Somos como este prédio que retratei na Avenida da Liberdade. Mantemos a orgulhosa fachada, escavacamos por dentro, vamos destruindo os frescos e sustentamo-los com ferro importado, para glória dos patos bravos que nos vão reconstruindo, enquanto vemos, ouvimos e lemos o sindicato dos principais patrões, os da banca, pressionando publicamente governos e parlamentos, enquanto os pretensos intelectuais continuam suas disputas escolásticas, à procura da via ideológica justa e quiçá do Texto que nos dê a ilusão de abrir todas as portas dos amanhãs que cantam, desfazendo todas as dúvidas de quem sofre a angústia da procura.

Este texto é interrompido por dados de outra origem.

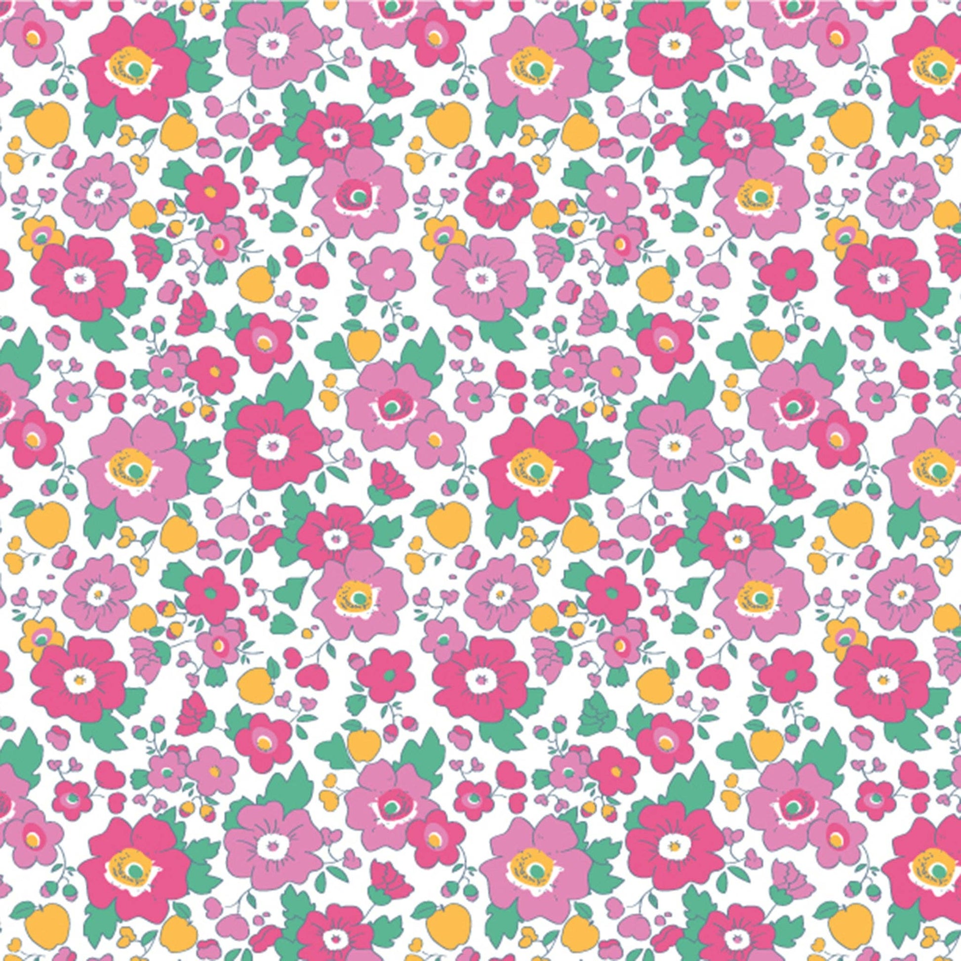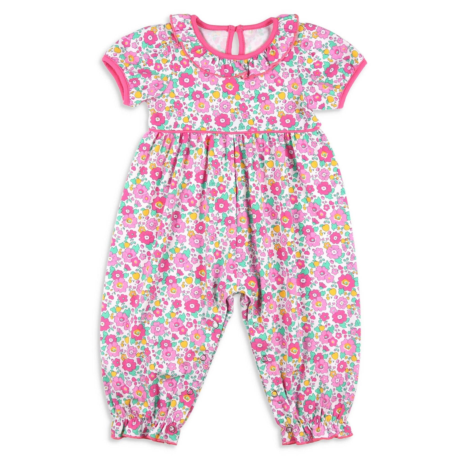 This sweet, feminine romper, features a soft fabric in a pink, green, raspberry, and yellow delicate floral and fruit print on white cotton knit, with raspberry pink serge trim along the ruffle collar and the leg ruffles, piping accent across the chest, and raspberry pink trim along the neckline, the short sleeves, and on the keyhole back, creating that special vintage look.

Não, não vou comentar a homenagem do samba ao grandioso líder da nossa oposição política, ou os meandros da crise coligativa na autarquia lisbonense. Nem sequer vou comentar os resultados das eleições de ontem da minha escola, onde um ex-assessor do primeiro-ministro Cavaco Silva, em coligação com o PCP, se opôs ressaibadamente a uma frente ampla, não politiqueira, onde participei. Apenas quero agradecer aos colegas que em nós confiaram, vencendo o complexo dos ressaibados e o obediencialismo dos subsidiados.
Voltando aos meandros do nosso intelectualismo, apenas observo que, entre os velhos e novos clérigos, que venha o Diabo e escolha. Por mim, prefiro os que não alinham na denunciação de ouvida e detestam burocratas broncos e sargentos de caserna, desses que muitos pobres de espírito qualificam como homens de sucesso, só porque conseguiram a adequada colocação num posto de vencimento, obtido através de adequada cunha junto de um qualquer senhor ministro ou comendador e que se sentaram em lugar cimeiro da pirâmide da distribuição do poder, onde um mais um acabam por poder ser menos do que um.
Face a esta secular frustração da não organização do trabalho nacional, onde continua a faltar o risco da avaliação do mérito e a incapacidade para se premiar a irreverência, o intelectual português tem caído no vício de uma atitude pretensamente anti-religiosa, mais pelicularmente ateia do que gnóstica, resvalando quase sempre para os abismos de um materialismo, chame-se sensualismo, utilitarismo, positivismo, naturalismo, marxismo ou neolibismo. O que é particularmente notado nos que acedem ao pretenso do pensamento pela leitura de vulgatas ou obras de propaganda.
Felizmente que alguns desses novos clérigos, quando passam da "intelligentzia" à militância, podem atingir aquele nível de autenticidade e da ética da convicção que lhes dá um estado de ascese, a qual, mesmo quando a ideologia continua materialista, assume a inevitável beleza do espírito. Porque até em pleno niilismo e relativismo é possível encontrar a tal dúvida criadora que nos faz acalentar a procura.
Peço desculpa por não agradecer, de forma individualizada, a longa lista de blogues de referência e aos amigos que saudaram o lançamento, em regime experimental dos portais história do presente e biografia do pensamento político. Tentarei fazê-lo, em tempo oportuno, de forma mais sistemática, embora, desde já, tenha que pedir perdão pela circunstância de continuar bicho de mato, neste processo onde não gosto de ceder ao sindicato das citações mútuas. Não posso contudo deixar de mandar um grande abraço a certos amigos que vêm de outros tempos e com quem conjugo o sempre, com especial destaque para o Zé Mateus e para o Rui Matos, aos quais devo públicas desculpas pelo meu estado de quase reclusão na concha do lar.